La victime avait essayé d’échapper à un contrôle de police. Un agent a fait feu après une poursuite à travers Bonnevoie.  (Photo : archives lq/fabrizio pizzolante)

Discipliné, autoritaire, secret, méfiant… La personnalité du policier qui a abattu un automobiliste le 11 avril 2018 à Bonnevoie a été passée au crible en ce deuxième jour de procès.

Qui est le policier inculpé d’homicide? Sa personnalité explique-t-elle son geste meurtrier? Pour les psychiatres et psychologues entendus hier après-midi à la barre de la 13e chambre criminelle du tribunal d’arrondissement de Luxembourg, le jeune homme de 26 ans est «une énigme». Le prévenu dit avoir agi en état de légitime défense. La voiture lui fonçant dessus et la rapidité des faits ne lui auraient pas permis d’autre réaction que de dégainer son arme et d’en faire usage. Le tribunal doit déterminer si l’ancien policier a agi de manière adéquate ou s’il s’est rendu coupable d’homicide volontaire.

Mardi, au premier jour du procès, un expert en accidentologie a présenté trois scénarios possibles, plutôt favorables à la défense, élaborés en fonction des indices relevés sur les lieux et sur la voiture de la victime. Ils permettent d’illustrer la notion de danger qu’a pu ressentir le prévenu dans la fraction de secondes lors de laquelle la voiture de la victime est arrivée sur lui.

Mercredi après-midi, ce sont les experts psychiatres et psychologues qui ont décrypté la personnalité du prévenu pour essayer de comprendre son geste. Tous sont unanimes quant à ses principaux traits de caractère et à «sa part sombre». Ils le décrivent comme étant un bon policier, méticuleux, discipliné, d’une intelligence largement supérieure à la moyenne, qui préfère affronter les situations plutôt que de les éviter. Mais il serait aussi un jeune homme méfiant, conservateur et secret, présentant une obsession du contrôle, pouvant se montrer agressif et manquer d’empathie.

Justicier ou policier acculé?

Ensuite, leurs interprétations divergent. Le premier expert envisage un «besoin d’action» : «À la lecture du dossier, on peut se demander s’il n’a pas joué au cow-boy» et d’ajouter que le prévenu «a eu une occasion de jouer au shérif. Il est policier, il a donné un ordre et il s’attend à ce qu’on réponde à son autorité».

Un autre avance que le prévenu «a estimé que le danger était suffisamment conséquent pour légitimer l’usage de son arme». Il se rallie à ses confrères et explique que le processus décisionnel «est à vitesse variable» en fonction de différents facteurs propres à chaque individu et à chaque situation. «Chacun traite les informations selon sa structure psycho-sociologique.»
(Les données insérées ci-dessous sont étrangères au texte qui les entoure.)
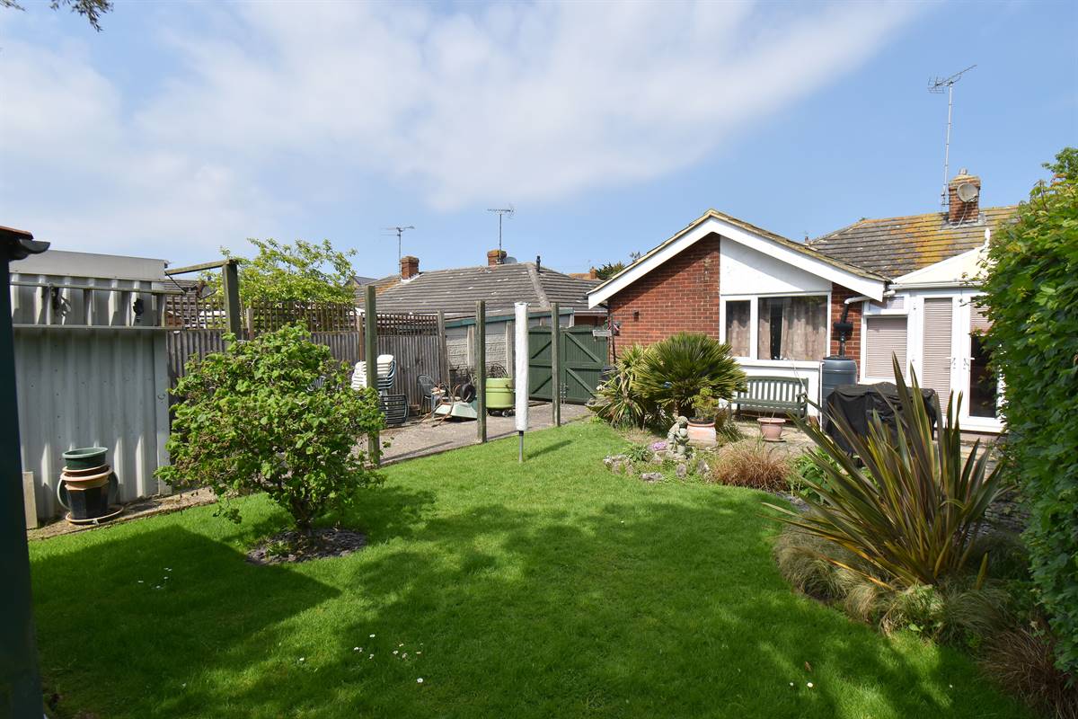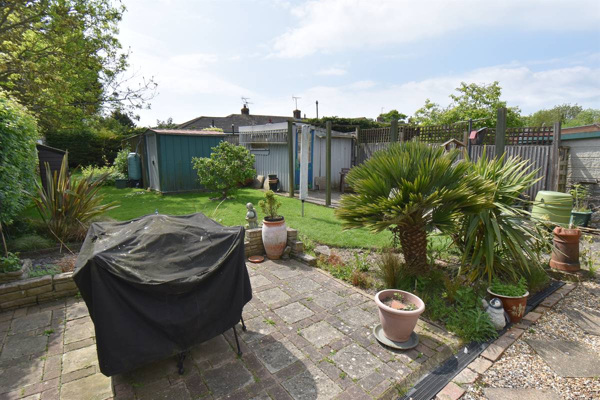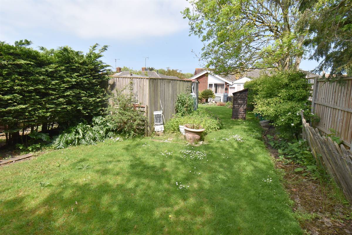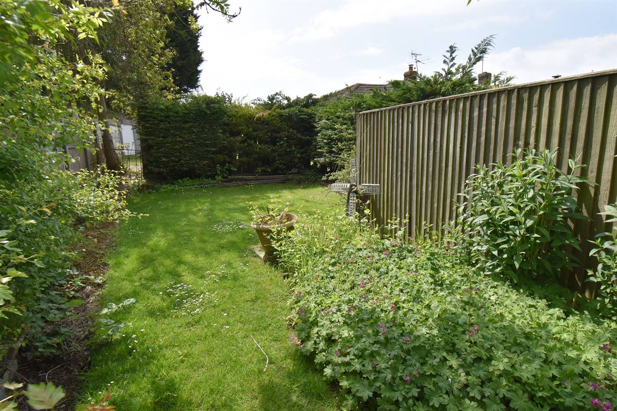 Southerly facing garden mainly laid to lawn with flower beds, bushes and shrubs. Paved patio area. Two sheds. Gated vehicle side access. Enclosed with fencing and hedging.

Un autre élément interroge le tribunal et les experts : des photographies d’exécutions, de décapitations et de violences policières retrouvées sur l’ordinateur du prévenu. Téléchargées après les faits, elles noircissent la personnalité du jeune homme qui se défend de les avoir consultées puis sauvegardées et a refusé de les évoquer avec les quatre experts.

Si elles avaient pu lui servir d’exutoire ou à le rassurer sur la gravité de son geste, il l’aurait admis, explique l’un d’eux à la présidente de la chambre criminelle, dubitative. Un autre indique que toute scabreuse que soit leur nature, elles ne permettraient pas de conclure à des tendances sadiques du prévenu. «Si c’était le cas, il aurait pu faire usage de son arme à un autre moment que lorsqu’il a perçu un danger extrême», précise-t-il.

Une question de point de vue

Au final, la réaction de l’ancien policier – bonne ou mauvaise – aurait été conditionnée par sa personnalité et son vécu, se rejoignent les experts. Un autre policier aurait pu décider différemment de la réponse à donner à ce délit de fuite. Reste à savoir, appuie la défense assurée par Me Penning, si la rapidité des faits permettait d’agir autrement. Le film de la reconstitution des faits devrait éclairer les esprits, de même que le témoignage de l’enquêteur de l’inspection générale de la police.

Tout ne serait donc qu’une question de point de vue. La suite du procès permettra aux juges d’affiner le leur et de décider si le prévenu a voulu jouer au shérif sans mesurer la portée de ce désir, s’il a véritablement agi en légitime défense ou s’il a pris la mauvaise décision.